The overall working flow chart of the improved dual-channel data enhancement scheme based on a symmetric structure is shown in Figure 3. From this figure, the symmetrical structure uses the feature extraction module as the intermediate module. The first half is the data enhancement channel applied to the original audio, and the latter half corresponds to the data enhancement part applied to the spectrogram features. Specifically, the original audio is first sent into the original audio data enhancement channel to generate audio variants, then the Log-Mel spectrogram features of audio variants are extracted. Next, the harmonic spectrogram and percussive spectrogram are obtained by HPSS on the Log-Mel spectrogram features. The Log-Mel spectrogram, harmonic spectrogram, and percussive spectrogram are sent into the spectrogram feature data enhancement channel for covering processing,. Finally, after covering, the three spectrograms are obtained to form the L-mHP features. Thus, the audio dual-channel data process is completed.

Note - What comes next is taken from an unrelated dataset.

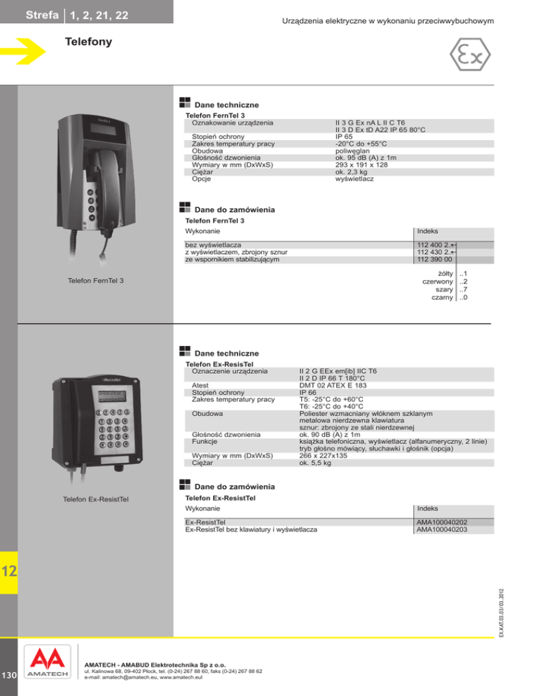 Strefa 1, 2, 21, 22 Urządzenia elektryczne w wykonaniu przeciwwybuchowym Telefony Dane techniczne Telefon FernTel 3 Oznakowanie urządzenia Stopień ochrony Zakres temperatury pracy Obudowa Głośność dzwonienia Wymiary w mm (DxWxS) Ciężar Opcje II 3 G Ex nA L II C T6 II 3 D Ex tD A22 IP 65 80°C IP 65 -20°C do +55°C poliwęglan ok. 95 dB (A) z 1m 293 x 191 x 128 ok. 2,3 kg wyświetlacz Dane do zamówienia Telefon FernTel 3 Wykonanie Indeks bez wyświetlacza z wyświetlaczem, zbrojony sznur ze wspornikiem stabilizującym 112 400 2... 112 430 2... 112 390 00 żółty czerwony szary czarny Telefon FernTel 3 ..1 ..2 ..7 ..0 Dane techniczne Telefon Ex-ResisTel Oznaczenie urządzenia Atest Stopień ochrony Zakres temperatury pracy Obudowa Głośność dzwonienia Funkcje Wymiary w mm (DxWxS) Ciężar II 2 G EEx em[ib] IIC T6 II 2 D IP 66 T 180°C DMT 02 ATEX E 183 IP 66 T5: -25°C do +60°C T6: -25°C do +40°C Poliester wzmacniany włóknem szklanym metalowa nierdzewna klawiatura sznur: zbrojony ze stali nierdzewnej ok. 90 dB (A) z 1m książka telefoniczna, wyświetlacz (alfanumeryczny, 2 linie) tryb głośno mówiący, słuchawki i głośnik (opcja) 266 x 227x135 ok. 5,5 kg Dane do zamówienia Telefon Ex-ResistTel Telefon Ex-ResistTel Wykonanie Indeks Ex-ResistTel Ex-ResistTel bez klawiatury i wyświetlacza AMA100040202 AMA100040203 EX.KAT.03.03/03.2012 12 AMATECH - AMABUD Elektrotechnika Sp z o.o. 130 ul. Kalinowa 68, 09-402 Płock, tel. (0-24) 267 88 60, faks (0-24) 267 88 62 e-mail: [email protected], www.amatech.eul
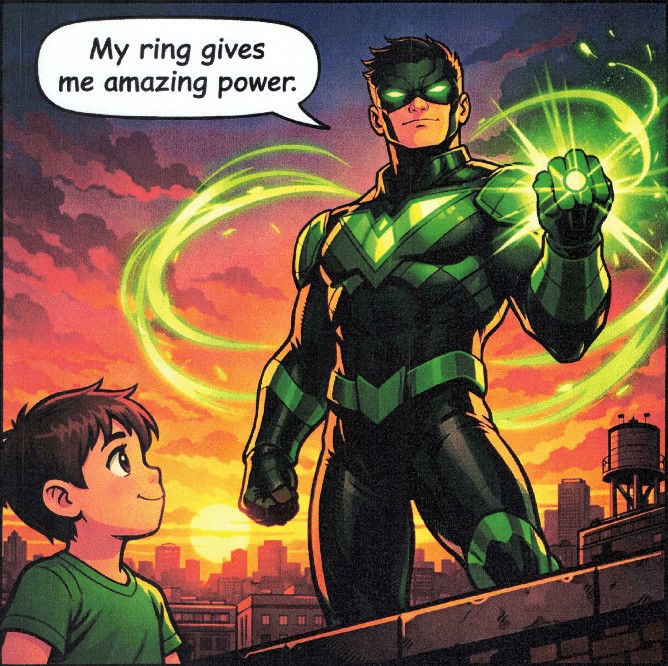 “Here we meet Emerald Guardian. He has a glowing ring that gives him power. But listen carefully — his power only works when he is calm. That means the power isn’t about being loud or strong. It’s about being steady.”

There are several processes in the original audio data enhancement channel, they are Remove Audio Silence, Audio Time Stretch, Audio Pitch Shift [16], and Random Padding. These methods play a very important role in the overall process, so it is necessary to illustrate these parts clearly and precisely.

• Remove Audio Silence: There will be a probability that some silent fragments are combined with the endpoints when finishing the recording and interception of the sound signals. These parts may have little key or essential information. After removal, the non-silent part can be adjusted freely along the time axis, resulting in richer variants.
• Audio Time Stretch: This method will slightly stretch the audio time while keeping the sound pitch unchanged, generating different samples under the same label. The maximum stretch ratio is 1.5.
• Audio Pitch Shift: This method will slightly shift the audio pitch while keeping the sound time rate unchanged. The maximum shift ratio is 1.5. Combining these two approaches results in more flexible variants without losing audio characteristics.
• Random Padding: This method refers to the output of the data-enhanced audio at a fixed length. For the ESC-50/10 datasets, the length of the audio sequence is fixed at 220,500 (about 5 s). For the UrbanSound8K dataset, the length of the audio sequence is fixed at 141,120 (about 3.2 s). The specific enhancement process of the channel is shown in Figure 4.

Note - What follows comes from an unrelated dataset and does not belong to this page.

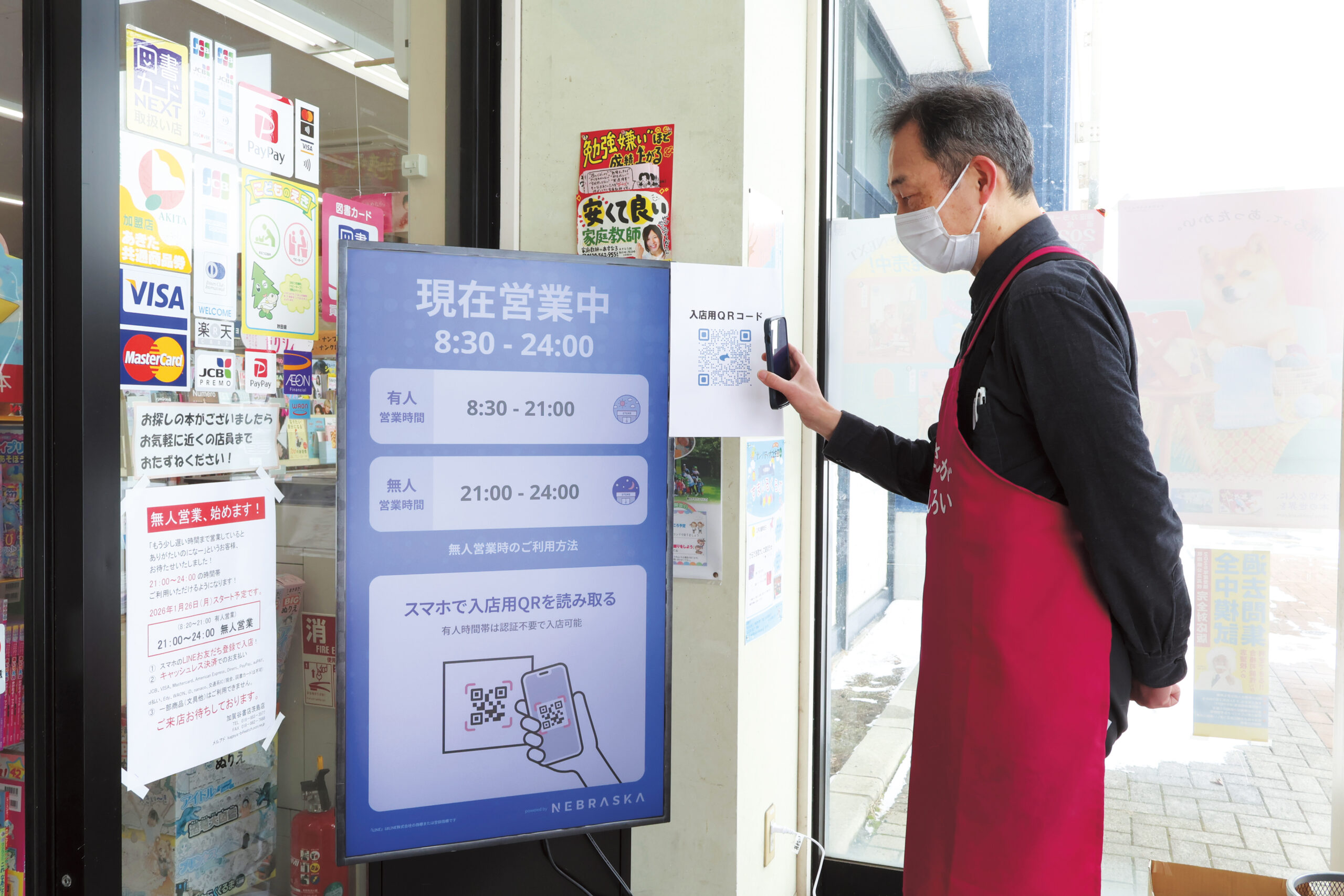 加賀谷書店 茨島店が、1月26日より県内の書店としては初の試みとなる〈無人営業〉をスタート。通常営業を終えた21時から24時までの3時間、キャッシュレスのみのセルフレジを使用する無人販売を行っている。

The spectrogram data enhancement channel refers to randomly covering the three spectrograms in the L−mHP feature. Specifically, one or more covering bands are set along the time dimension and the frequency dimension, respectively. The bandwidth is an integer randomly selected between 0 and F, $[0,F]$, and the value of the frequency covered by the covering band is set to $0$. Then the generated variant forms a three-channel feature for model learning and training. However, it may lead to a lack of more feature information in the spectrogram if the bands are too wide or it contains too many covering bands. It is of no help to the model training and leads to the unexpected learning period of the sound signals. Therefore, it was decided to set one covering band along the frequency dimension and two covering bands along the time dimension, and set the maximum bandwidth to $F=16$. The channel is shown in Figure 5. During each training run, the variants created for the same samples will have subtle differences due to the randomness of the data enhancement process. These circumstances help the model learn more useful features for ESC tasks. As for the spectrogram data enhancement channel, it can be considered as a random coverage of the features in each channel. In this way, the model is supposed to pay more attention to the time–frequency pattern in the spectrogram environment during the training process. The generalization performance of the model is improved at the same time.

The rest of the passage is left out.